*Aim of the task*: Take the records below and set down exactly the lines from the one with "Разгадай ребусы, напечатай" to the one with "Mens Full Sleeve", ends included; do not copy the pictures.

*Records provided*:
*** Begin section ***

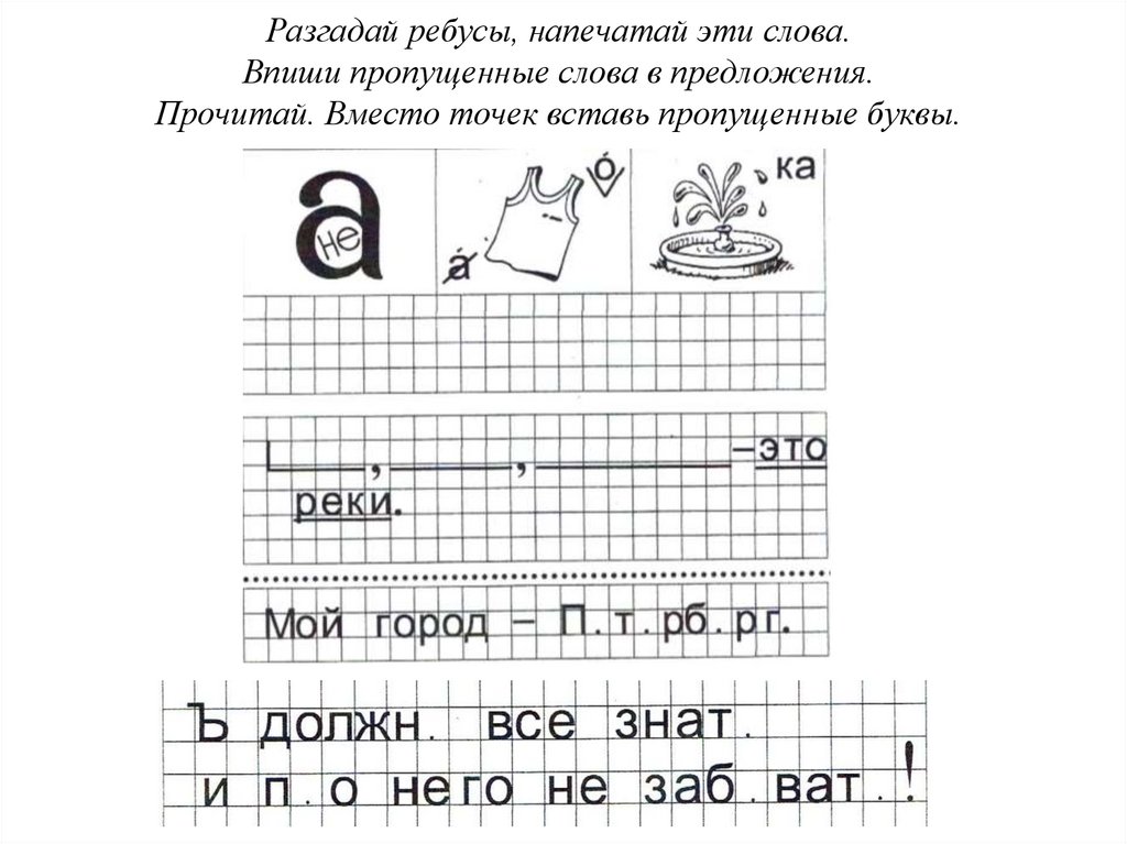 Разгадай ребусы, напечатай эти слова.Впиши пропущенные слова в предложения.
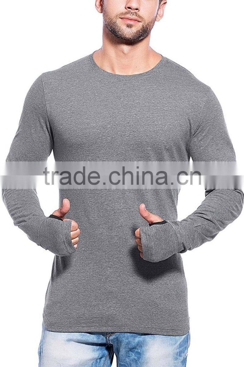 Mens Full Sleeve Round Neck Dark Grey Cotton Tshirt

*** End section ***
*** Begin section ***

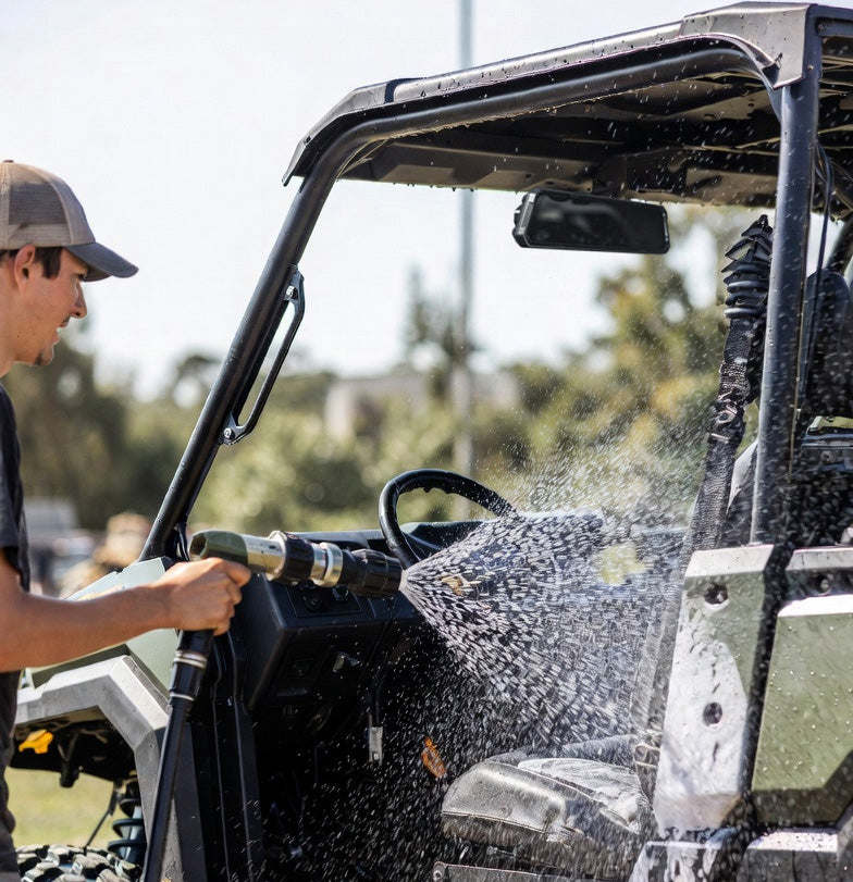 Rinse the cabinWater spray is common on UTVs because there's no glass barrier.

*** End section ***

*Finished exercise*:
 Разгадай ребусы, напечатай эти слова.Впиши пропущенные слова в предложения.
 Mens Full Sleeve Round Neck Dark Grey Cotton Tshirt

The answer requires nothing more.